Leipzig. Wegen der Ausbreitung des neuartigen Coronavirus stand die Leipziger Buchmesse schon seit Tagen auf der Kippe. Nun haben die Verantwortlichen eine Entscheidung zu Gunsten der Gesundheit getroffen.

Bis Dienstagvormittag sind die Veranstalter der Leipziger Buchmesse noch optimistisch. Die Frühlingsschau der Buchbranche werde vom 12. bis 15. März planmäßig stattfinden, betonen sie tagelang auf allen Kanälen.

Doch dann treffen sich Messeleitung, Oberbürgermeister und Vertreter des Leipziger Gesundheitsamtes zu einem Krisengespräch wegen der Ausbreitung des neuartigen Coronavirus. Ergebnis: Die zweitgrößte deutsche Buchmesse wird abgesagt. "Sicherheit geht vor", erklärt der Geschäftsführer der Leipziger Messe, Martin Buhl-Wagner.

"Die Absage ist ein schwerer Schlag für die Buchbranche", sagt Alexander Skipis, Hauptgeschäftsführer des Börsenvereins des Deutschen Buchhandels. "Die Strahlkraft, die von der Leipziger Buchmesse in die Gesellschaft ausgeht, und das Interesse und die Begeisterung für Bücher, die sie vermittelt, sind enorm." Skipis äußert allerdings eindeutig Verständnis für die Leipziger. Sie hätten die richtige Entscheidung getroffen. Der Börsenverein ist der ideelle Träger der nach Frankfurt zweitgrößten deutschen Buchmesse.

Überraschend kommt das Aus nicht. Bundesweit waren zuvor schon etliche Großveranstaltungen abgesagt oder verschoben worden - von der Tourismusbörse ITB in Berlin bis hin zur Internationalen Handwerksmesse in München. Von überall her werden inzwischen Infektionen mit dem neuartigen Coronavirus gemeldet. Am Vortag war auch ein erster Fall in Sachsen bekanntgeworden. Bei rund 2500 Ausstellern auf der Buchmesse und 280 000 erwarteten Besuchern wäre es unmöglich gewesen, alle Kontaktpersonen rückverfolgen zu können, teilt die Stadt mit.

Bei den Verlagen löst die Absage eine Mischung aus Verständnis und Ernüchterung aus. "Das ist schon ein schwerer Schlag für uns. So etwas haben wir noch nie erlebt", sagt Sebastian Wolter, Geschäftsführer des kleinen sächsischen Verlages Voland&Quist. Er rechnet vor, dass er nun auf einer vierstelligen Summe sitzen bleibe, die er für Hotelreservierungen und Fahrtkosten für seine Autoren ausgeben habe. Dazu kämen fehlende Einnahmen aus Buchverkäufen auf der Messe und die vielen Kontakte, die nun nicht geknüpft werden können. Die Standgebühr hofft Wolter von der Messe zurückerstattet zu bekommen.
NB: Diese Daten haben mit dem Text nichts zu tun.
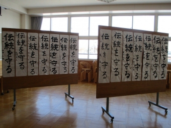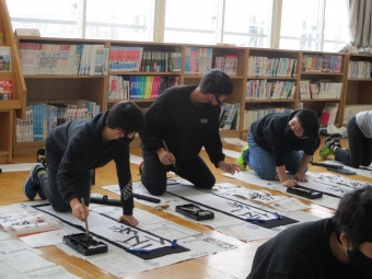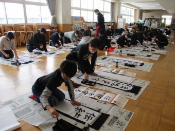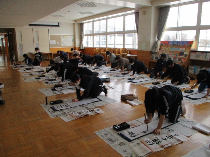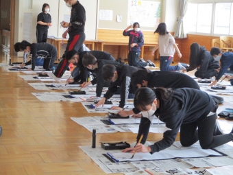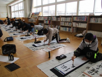 ★上西春別小学校★6年生♬書初めに挑戦! 2022年01月25日(火) 授業の様子 書初めは書の上達を願ったり、新年の抱負を新たにしたりする意味で行われる日本の伝統行事です。一般には1月2日に行われることが多いようです。 学校の書写の教科書にも「書初めをしよう」という教材があります。1月2日からは少し日が開いてしまいましたが、新学期が始まった1月に・・ということで、昨日の書写の時間に6年生が挑戦していました。 教室前の広いワークスペースにいつもより大きい半紙を広げ、しっかりした太い字で書くことができるよう、取り組んでいました。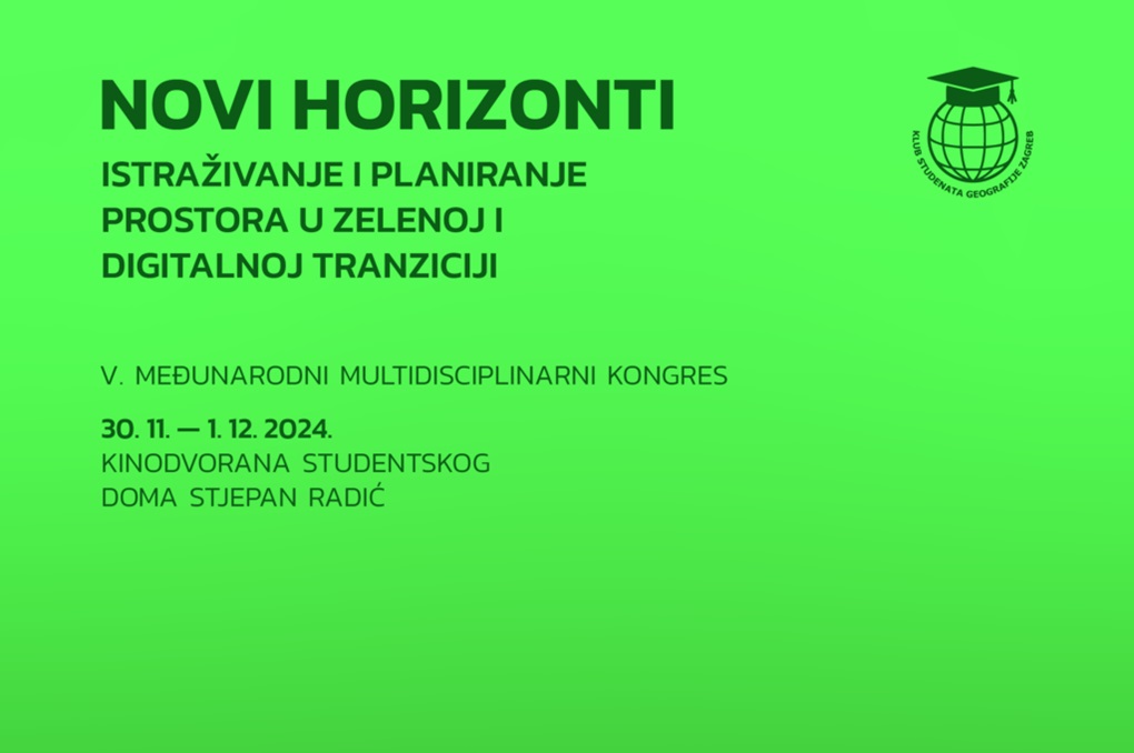 U Zagrebu se u organizaciji Kluba studenata geografije 30. studenog i 1. prosinca 2024. održava V. Međunarodni multidisciplinarni kongres „Novi horizonti: Istraživanje i planiranje prostora u zelenoj i digitalnoj tranziciji“.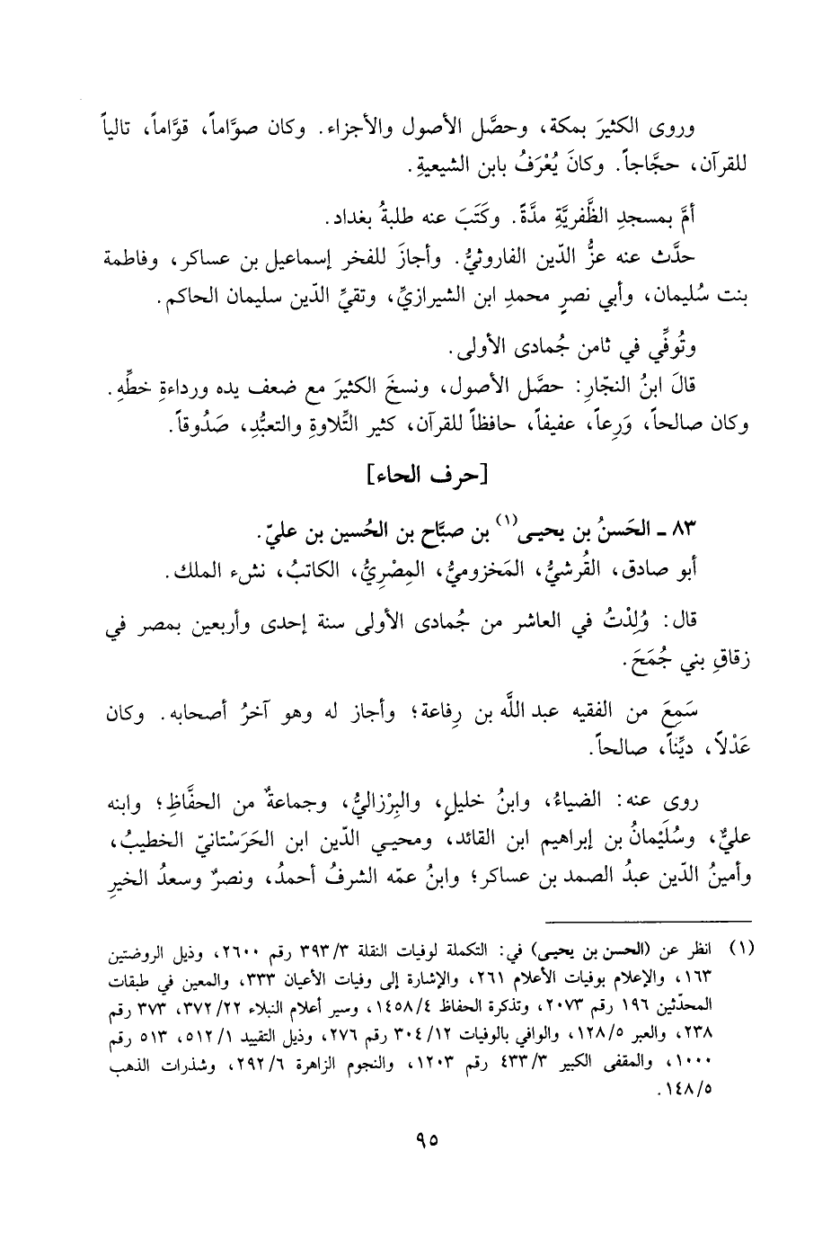 83- الحسنُ بْن يحيى [1] بْن صبّاح بْن الْحُسَيْن بْن عَلِيّ.
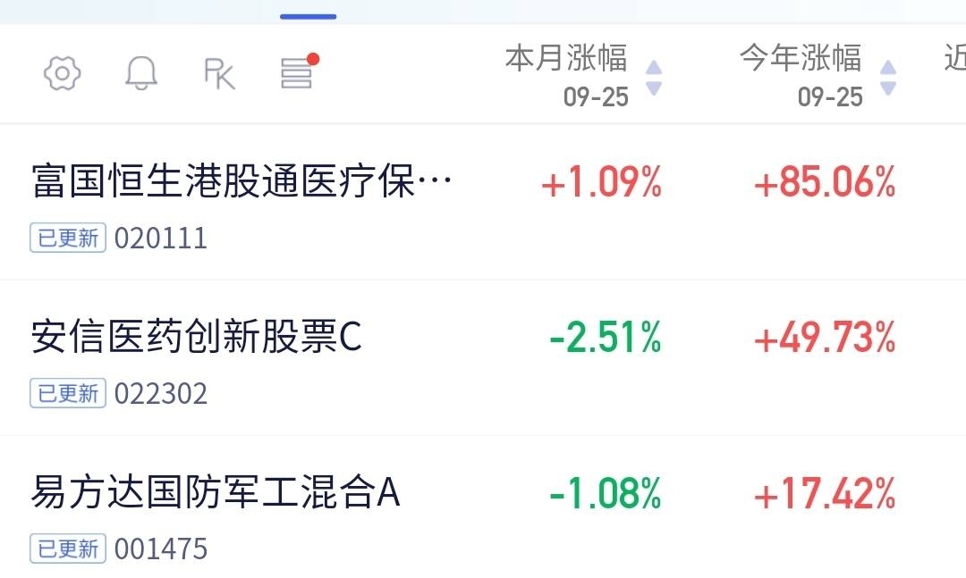 $安信医药创新股票型发起C$ 本月涨幅跌2.51%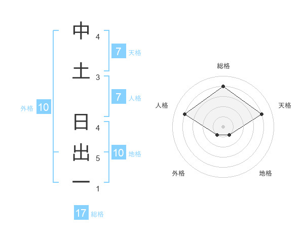 中土 日出一さんの総格は17画の4点!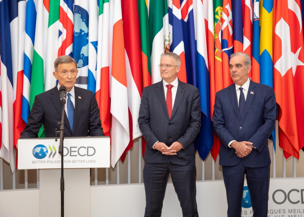 París, Francia. – En presencia del presidente Luis Abinader, el canciller Roberto Álvarez y el secretario general de la Organización para la Cooperación y el Desarrollo Económico (OCDE), Mathias Cormann, firmaron un Memorando de Entendimiento con el que las partes formalizan su acercamiento y buscan fomentar la cooperación, impulsar el intercambio de buenas prácticas, así como apoyar el fortalecimiento de políticas públicas conforme a estándares internacionales.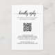 Simple carte RSVP de mariage noir et blanc avec les mots, "gentiment répondre" dans un script élégant avec des swashes. Ci-dessous, votre code QR et les instructions. Le dos a votre photo préférée. Cette carte RSVP moderne et minimaliste est coordonnée avec n'importe quel style de suite de faire-part de mariage.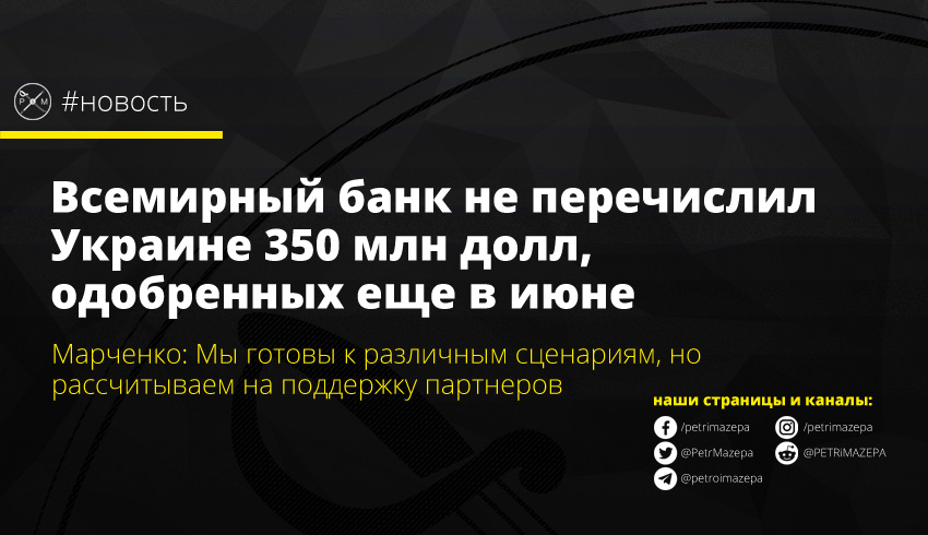 Министр финансов Сергей Марченко подтвердил, что 350 млн долл займа, которые Всемирный банк выделяет на поддержку реформ для экономического восстановления, еще не поступили в Украину. Хотя одобрена программа была еще в конце июня.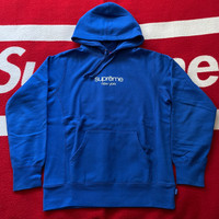 Supreme — Classic Logo Hoodie Hooded Sweatshirt 2015 Condition: 10/10 overall - 100% DEADSTOCK. Color: Blue Size: Medium Additional info: An absolute classic Supreme hoodie (no pun intended lol). A really cool logo in my opinion. This blue is a cool and vibrant color too! 100% authentic! Shipped via Canada Post within 48 hours, regardless if purchased on a weekday or the weekend. Additional photos are always available upon request. ALWAYS open to offers! Hit my DM to talk or purchase 📲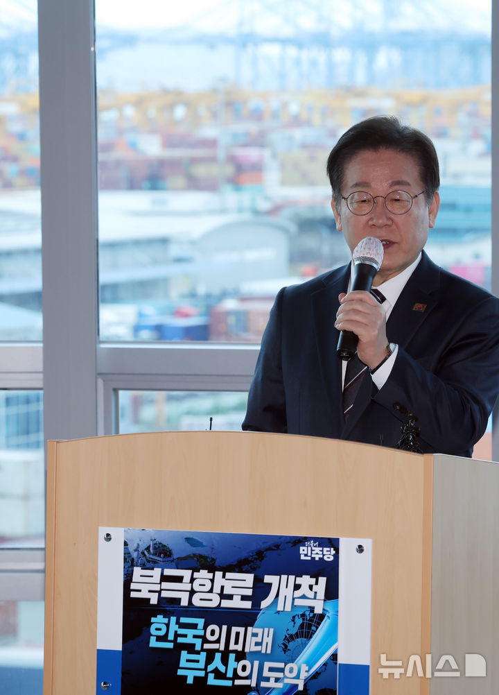 [부산=뉴시스] 하경민 기자 = 이재명 더불어민주당 대표가 6일 부산 강서구 부산항만공사 부산신항지사 부산항 홍보관을 방문, 부산시와 부산항만공사의 부산신항 활성화 및 북극항로 개척 추진상황에 대한 설명을 들은 뒤 발언하고 있다. 2025.03.06. [email protected]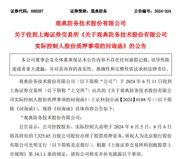 2024年6月12日,观典防务公告称收到上交所问询函,起因是实控人高明为了给违规担保提供增信,质押了其所持半数公司股份。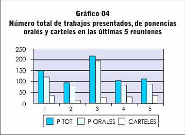 El gráfico 4 muestra que la presentación de ponencias orales es preferida por los asistentes a las Reuniones. En promedio, 1 de cada 5 de los trabajos tienen la presentación en forma de cartel. |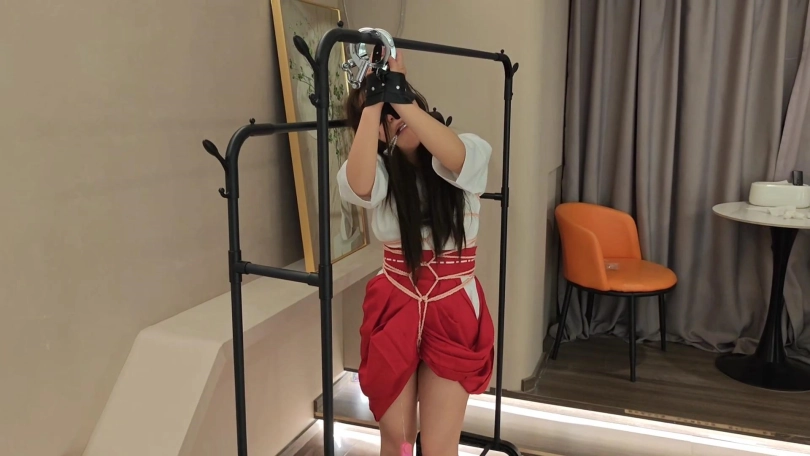 苏苏身着巫女装扮,先给自己戴上了手铐脚镣,之后塞好td,不一会儿便有了感觉,在床上挣扎蠕动,之后给自己绑好了龟甲缚,戴好眼罩,进行一段距离的跪爬惩罚,td露在地上跟着被拖动十分涩涩,接着塞上口球吊在架子上td开到最大并抚摸tk,打屁屁,不一会儿苏苏就腿软了,最后将手帮到后面m腿放置,最终达到了小高潮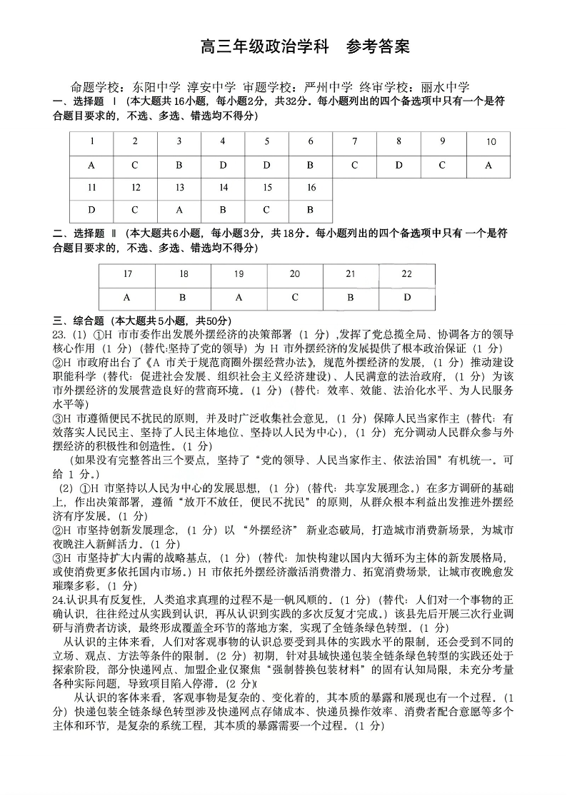 高三政治答案--浙江省北斗星盟2026届高三12月联考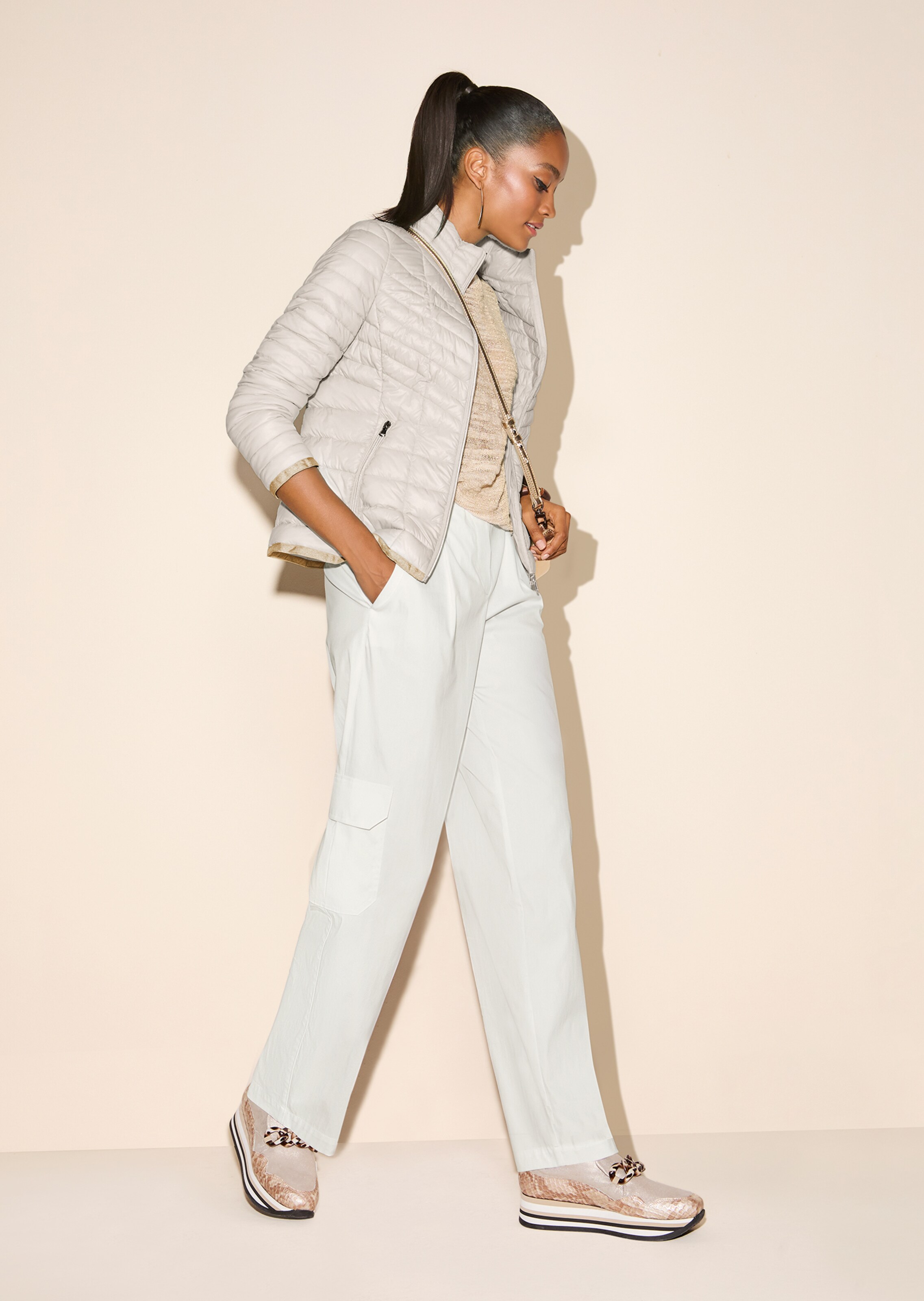 Subtiel gewatteerd, aangenaam licht, zomers doorgestikt jack in een licht getailleerd model met een opstaande kraag, lange mouwen, een ritssluiting aan de voorkant en ingewerkte zakken met rits. Glanzend ripslint aan de zoomboord.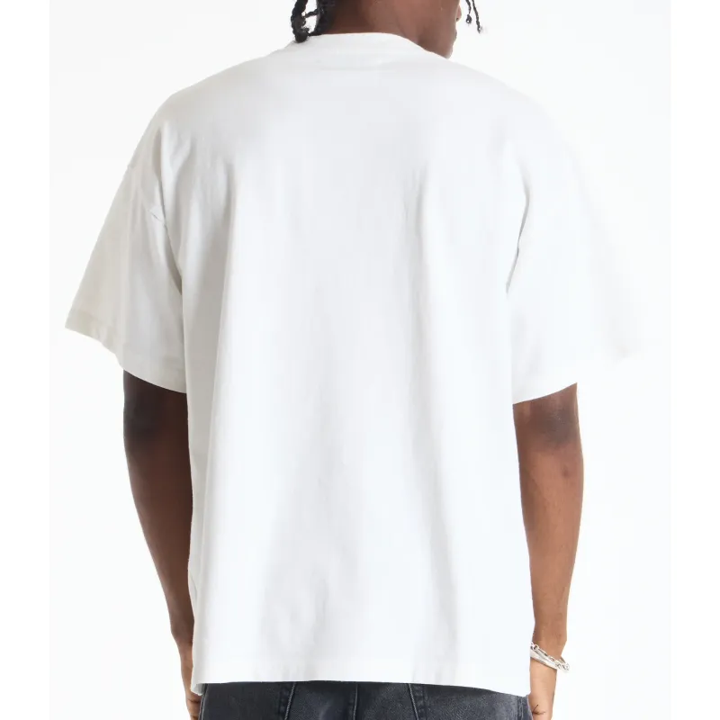 Cut in a boxy, relaxed fit with dropped shoulders and wide sleeves, it’s crafted from heavy-weight white cotton with a thick ribbed crewneck. The plain back highlights the oversized drape for effortless everyday style.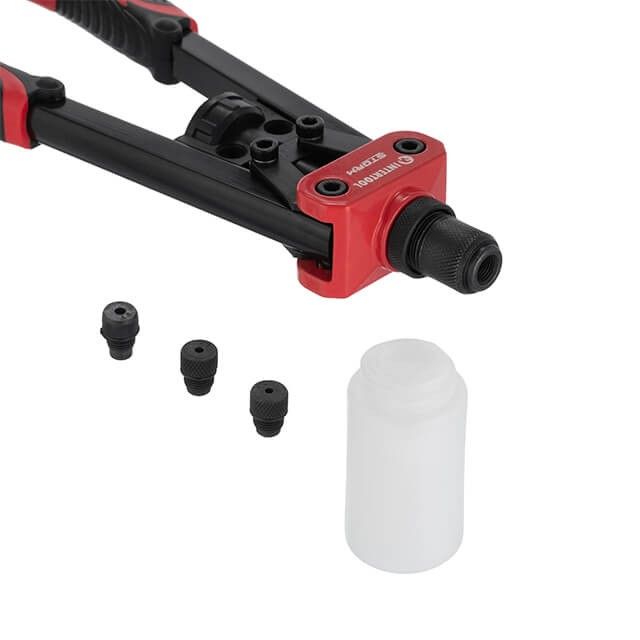 Заклепочник оснащен съемным контейнером для отработанной части заклепки, поэтому ничего не валяется на Вашем рабочем месте и не мешает в работе. Полностью прорезиненные рукоятки с рифленым нанесением обеспечивают надежный захват инструмента и противостоят соскальзыванию даже испачканных рук. Все насадки оснащены специальными насечками для их быстрой и комфортной замены в инструменте.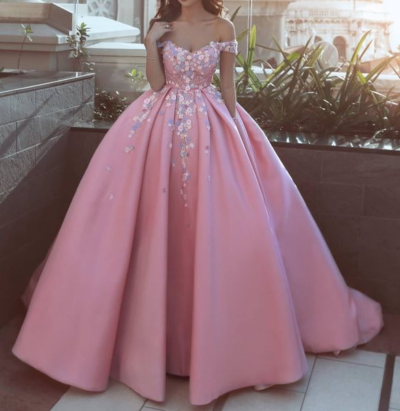 Pink And White Wedding Dress Ball Gown 3d Blue Flowers On Satin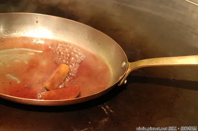最後加入紅酒與主廚特製醬汁熬成蘋果紅酒醬汁,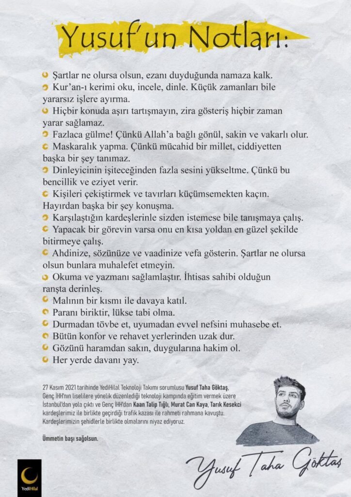 Gebze Teknik Üniversitesi’nde Makine Mühendisliği öğrencisi ve Yedi Hilal Derneği Teknoloji Takımı sorumlusu Yusuf Taha Göktaş, Genç İHH’nın liselilere yönelik düzenlediği teknoloji kampında eğitim vermek üzere İstanbul’dan yola çıktı ve Bursa’da Kaan Talip Tığlı, Murat Can Kaya ve Tarık Kesekci ile birlikte geçirdiği trafik kazası sonrası hayatını kaybetti. Göktaş, geçtiğimiz Pazar günü Kdz. Ereğli ilçesinde dualarla yolculuğuna uğurlandı. Gencin ölümü tüm Türkiye’de büyük yankı bulurken, ölümünden önce duvarına astığı tavsiye notları binlerce genç tarafından #YusufunNotları etiketi ile sosyal medyada paylaşıldı.

Vor allem für die unabhängigen Verlage gilt Leipzig mit seinem großen Lesefestival "Leipzig liest" als wichtiges Treffen, um Autoren beim Publikum bekannt zu machen. "Wir bedauern die Absage sehr, haben aber vollstes Verständnis dafür", sagt Karsten Dehler, Sprecher der Kurt-Wolff-Stiftung, die sich um die Förderung der kleineren Verlage bemüht. "Die Absage der Buchmesse bedeutet für die Verlage einen Einbruch der Sichtbarkeit. Gleichwohl ist die Entscheidung für die Absage der Leipziger Buchmesse richtig, da wir uns vor der Verbreitung des Virus schützen müssen."

Die Leipziger Messe ist am Dienstag noch nicht in der Lage, alle offenen Fragen zu beantworten. Das Ganze sei auch juristisches Neuland, heißt es. "Solch eine schwere Entscheidung mussten wir in den letzten sieben Jahrzehnten der Leipziger Buchmesse noch nie treffen", erklärt der Buchmesse-Direktor Oliver Zille.

Unklar ist zunächst auch, ob und wie der Preis der Leipziger Buchmesse in diesem Jahr verliehen wird. Die Auszeichnung, einer der wichtigsten Literaturpreise in Deutschland, wird normalerweise am Eröffnungstag vergeben. Er wird jährlich in den Kategorien Belletristik, Sachbuch/Essayistik und Übersetzung ausgelobt und ist mit insgesamt 60 000 Euro dotiert. Buchmesse-Sprecherin Ruth Justen bittet um etwas Geduld: "Wir sind dabei, das alles zu klären."